In the Battle of Badr, he had an opportunity to kill his father, Abu Bakr, but he turned in another direction. Years later, after becoming a Muslim, he told his father about it. Thereupon Abu Bakr replied: "If I had had such an opportunity, I would not have spared you."

In the Battle of Uhud before the fighting began, he came forward and threw down a challenge for a duel. Abu Bakr accepted the challenge, but Muhammad stopped him, saying, "Sheathe your sword, and let us continue to profit by your wise counsels."

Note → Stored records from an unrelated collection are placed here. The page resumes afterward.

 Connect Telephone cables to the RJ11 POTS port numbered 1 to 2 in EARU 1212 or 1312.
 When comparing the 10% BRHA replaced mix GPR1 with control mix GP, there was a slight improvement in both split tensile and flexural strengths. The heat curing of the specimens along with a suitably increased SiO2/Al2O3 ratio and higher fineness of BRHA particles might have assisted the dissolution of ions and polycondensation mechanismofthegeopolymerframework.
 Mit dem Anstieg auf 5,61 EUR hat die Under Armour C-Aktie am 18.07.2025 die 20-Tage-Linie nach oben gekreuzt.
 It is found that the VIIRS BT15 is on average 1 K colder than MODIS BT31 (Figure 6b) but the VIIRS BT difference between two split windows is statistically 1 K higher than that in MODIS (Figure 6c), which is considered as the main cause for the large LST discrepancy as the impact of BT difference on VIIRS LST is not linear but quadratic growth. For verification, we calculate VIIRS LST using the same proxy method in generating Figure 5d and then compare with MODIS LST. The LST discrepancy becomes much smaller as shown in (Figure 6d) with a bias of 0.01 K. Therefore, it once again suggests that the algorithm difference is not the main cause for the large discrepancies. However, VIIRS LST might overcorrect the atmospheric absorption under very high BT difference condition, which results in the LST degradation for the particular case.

After becoming a Muslim, Abd al-Rahman participated in all the battles fought by the Muslims and gained fame as a fierce warrior, especially in the Muslim conquest of Syria. He was one of the Mubarizun champions and fought duels in the battles for the Muslim army. The mubarizun unit of the Rashidun army was composed of elite warriors who were champion swordsmen, lancers and archers. In the battlefield his role was to undermine the morale of the enemy before the beginning of the battle by slaying their champions in duels.

In the Battle of Yamama he killed Muhakkam al-Yamama, the general commanding the forces of Musaylima.

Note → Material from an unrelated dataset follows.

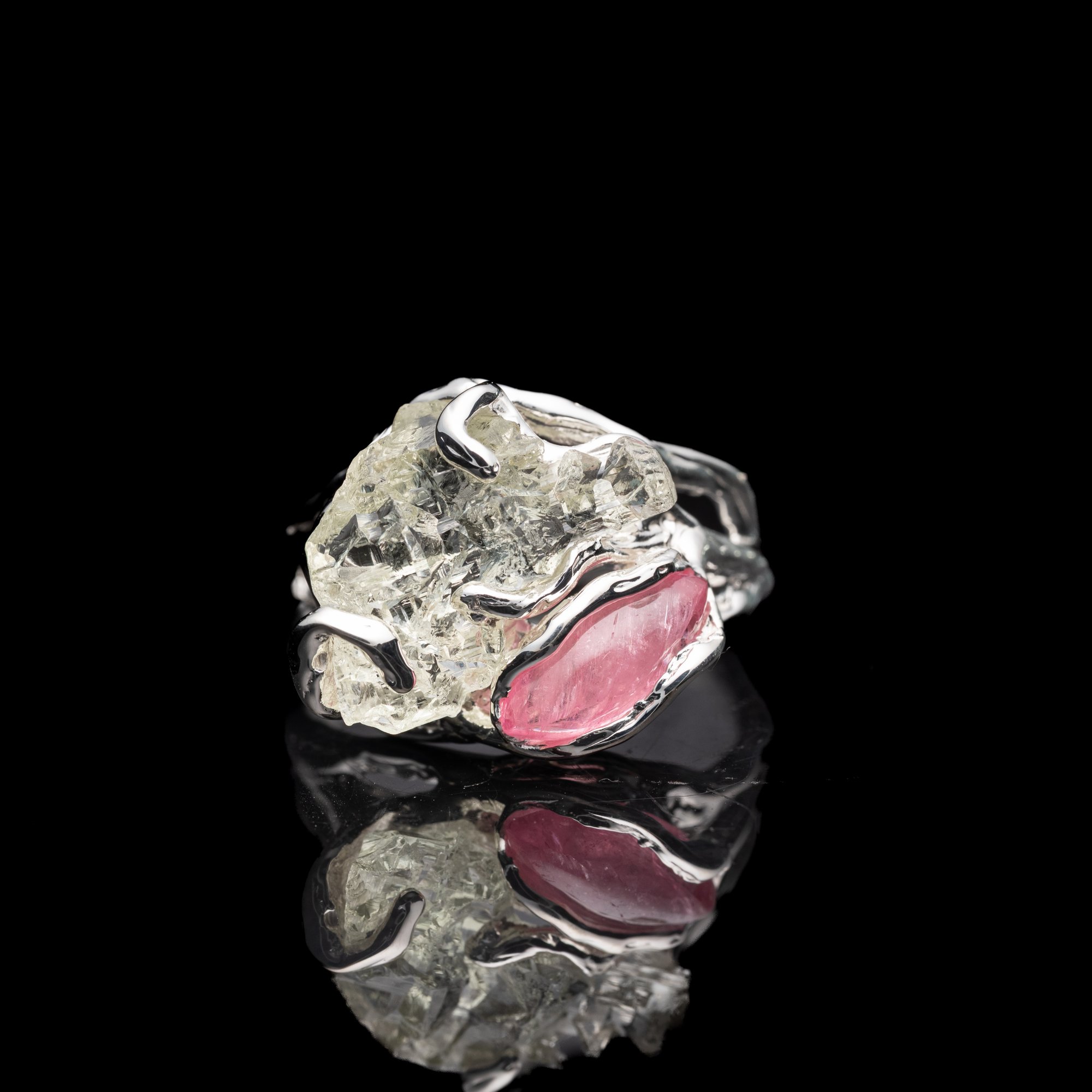 Каблучка з геліодором та рубелітом

In the Battle of Yarmouk, the commander in chief of the Byzantine force chose five selected warriors from the Byzantine side, and they challenged the Muslims to duels. It was Abd al-Rahman who accepted the challenge. Scores of duels were fought on the plains of Yarmouk. Abd al-Rahman killed all of them one after the other.

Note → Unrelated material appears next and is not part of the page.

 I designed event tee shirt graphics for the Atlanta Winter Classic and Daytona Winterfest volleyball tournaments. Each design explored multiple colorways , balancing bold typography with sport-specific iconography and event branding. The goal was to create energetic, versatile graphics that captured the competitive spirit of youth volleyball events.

At the Battle of Busra in Syria, he entered the city of Busra through a subterranean passage and then dashing towards the city gates opened them for the main Muslim army to enter.

Later, Abd al-Rahman was mentioned again as being involved in the Muslim campaign to Bahnasa. The Byzantine Sudanese forces fled to Bahnasa town and locked the gates. They were followed by the Muslims who besieged the town, while the enemy were reinforced by the arrival of 50,000 troops according to the report of al-Maqqari. The siege dragged on for months, until Khalid ibn al-Walid commanded Zubayr ibn al-Awwam, Dhiraar ibn al-Azwar and other commanders to intensify the siege.  He assigned the commanders to lead around 10,000 Companions of the Prophet, with 70 among them being veterans of the Battle of Badr. Abd al-Rahman was mentioned as one of the Rashidun commanders. The Byzantines and their Copt allies showering the Rashidun army with arrows and stones, until the Rashidun overcame the defenders, as Dhiraar, the first emerge, came out from the battle with his entire body stained in blood, while confessing to personally slaying about 160 Byzantine soldiers during the battle. The Muslim army managed to breach the gate and storming the city forced the surrender of the inhabitants.  According to the chronicles, the siege of Bahnasa were so fierce that in this battle alone, 5,000 Companions of the prophet (Sahabah) perished during this battle, as the thousands of their tombs could still to be seen in the modern day.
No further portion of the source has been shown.